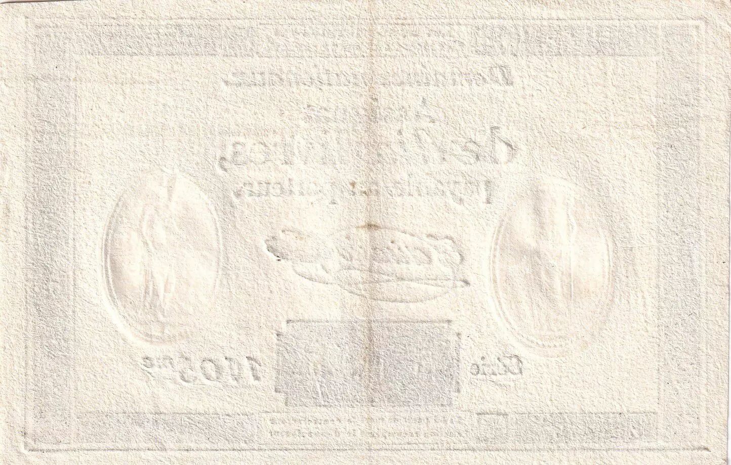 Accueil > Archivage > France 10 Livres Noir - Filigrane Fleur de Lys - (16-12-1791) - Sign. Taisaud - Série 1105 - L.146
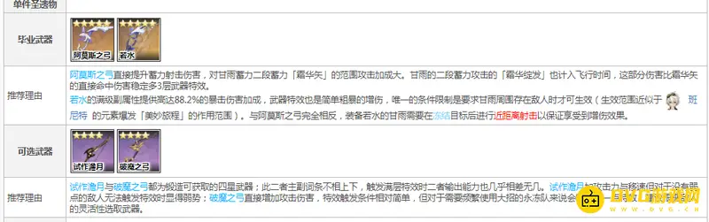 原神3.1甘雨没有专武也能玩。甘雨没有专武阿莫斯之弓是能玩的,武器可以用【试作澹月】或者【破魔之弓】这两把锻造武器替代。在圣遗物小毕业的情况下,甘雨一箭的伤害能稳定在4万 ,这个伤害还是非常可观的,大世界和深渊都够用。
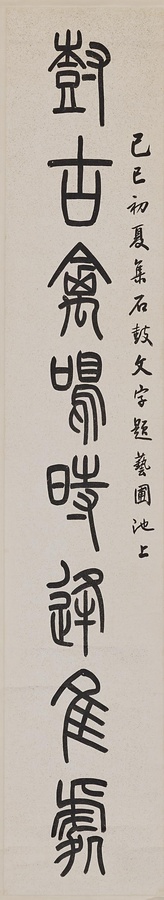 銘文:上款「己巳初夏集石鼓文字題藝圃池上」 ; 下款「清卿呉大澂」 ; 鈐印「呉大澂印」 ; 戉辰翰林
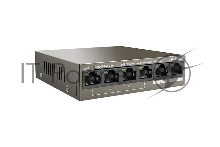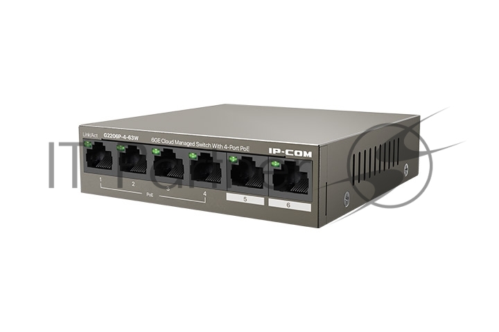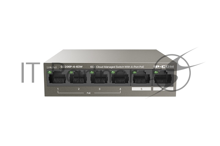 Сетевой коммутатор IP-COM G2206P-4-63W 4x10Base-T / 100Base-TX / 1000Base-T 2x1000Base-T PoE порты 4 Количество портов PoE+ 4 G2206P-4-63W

——————

● Work instructions
In the listing above, find the line containing "銘文:上款「己巳初夏集石鼓文字題藝圃池上」 ; 下款「清卿呉大澂」" and restate it and every later line verbatim, with the pictures left out.

● Written solution
 銘文:上款「己巳初夏集石鼓文字題藝圃池上」 ; 下款「清卿呉大澂」 ; 鈐印「呉大澂印」 ; 戉辰翰林
 Сетевой коммутатор IP-COM G2206P-4-63W 4x10Base-T / 100Base-TX / 1000Base-T 2x1000Base-T PoE порты 4 Количество портов PoE+ 4 G2206P-4-63W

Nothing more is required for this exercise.